What are the symptoms and signs of a Staph infection?
Staphylococcal disease of the skin usually results in a localized collection of pus, known as an abscess, boil, or furuncle, depending upon the exact type of lesion that is present. The affected area may be red, swollen, and painful. Drainage or pus is common.
When Staph is in the blood (bacteremia or sepsis), it can cause high fevers, chills, and low blood pressure. Deep abscesses, pneumonia, osteomylitis, and most other internal infections are only seen by X-ray and other imaging techniques or are not visible at all (for example, toxic shock, food poisoning).
How are Staph infections diagnosed?
In cases of minor skin infections, staphylococcal infections are commonly diagnosed by their appearance without the need for laboratory testing. More serious staphylococcal infections such as infection of the bloodstream, pneumonia, and endocarditis require culturing of samples of blood or infected body fluids. The laboratory establishes the diagnosis and performs special tests to determine which antibiotics are effective against the bacteria.

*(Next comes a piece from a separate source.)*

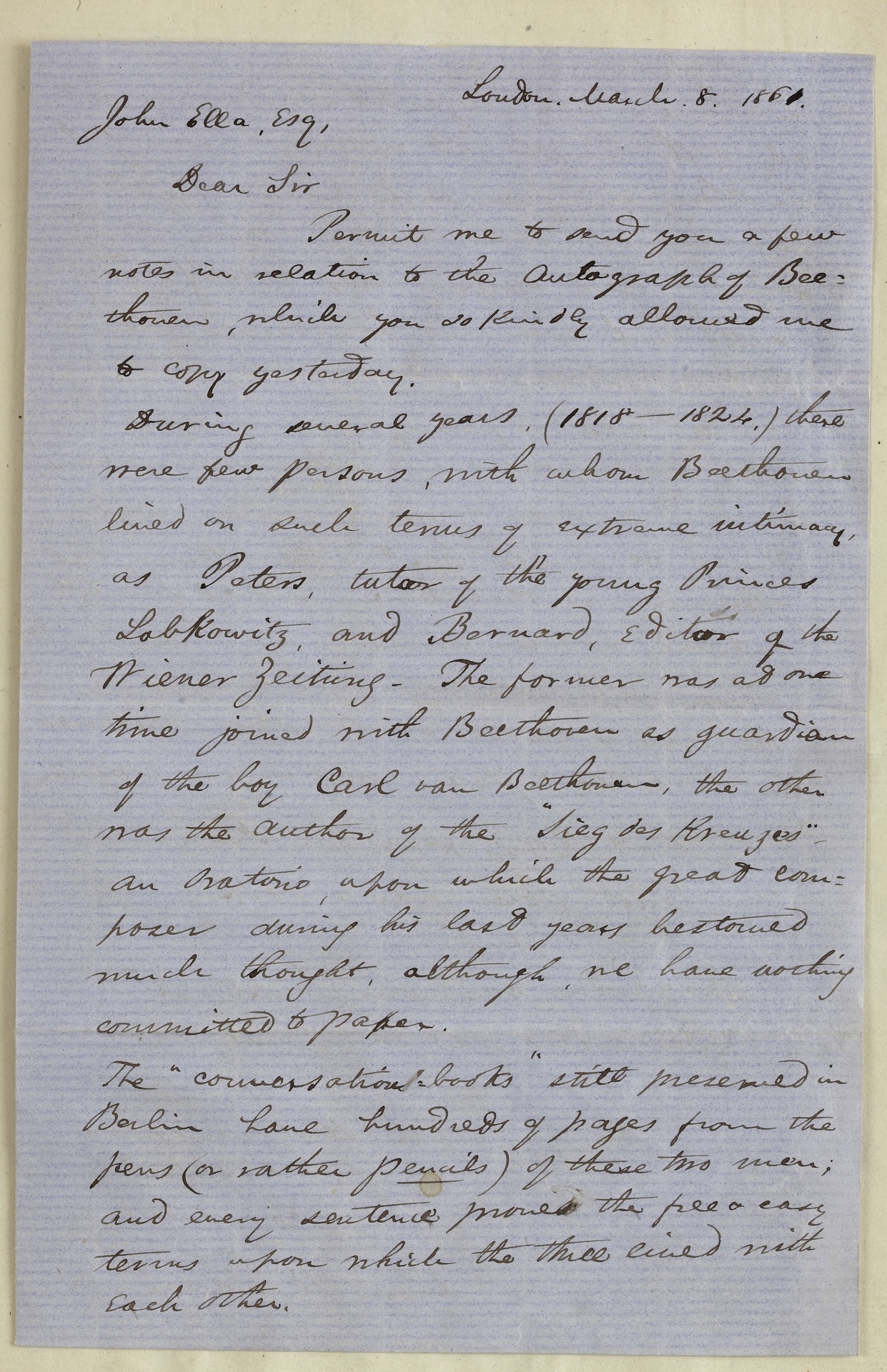 Ludwig van Beethoven, Brief an Karl Peters, Wien, vor dem 9. März 1820, Autograph

Diagnosis of staph infections begins with attempting to culture the bacteria from an infected site. Any area with pus, crusty drainage, or blisters should be cultured. Blood from patients with sepsis, toxic shock, or pneumonia should be cultured. Standard microbiological techniques (growth on Baird-Parker agar plates and a positive coagulase test) identify staph. S. aureus lyses red blood cells in blood agar plates (hemolytic staph) while S. epidermidis does not (non hemolytic staph).
All staph should be further tested to see if the bacteria are resistant to the antibiotic methicillin (and other antibiotics) and thus determine if the organisms are MRSA (methicillin resistant Staphylococcus aureus). This test is important as MRSA organisms are resistant to many antibiotics usually prescribed for staph infections.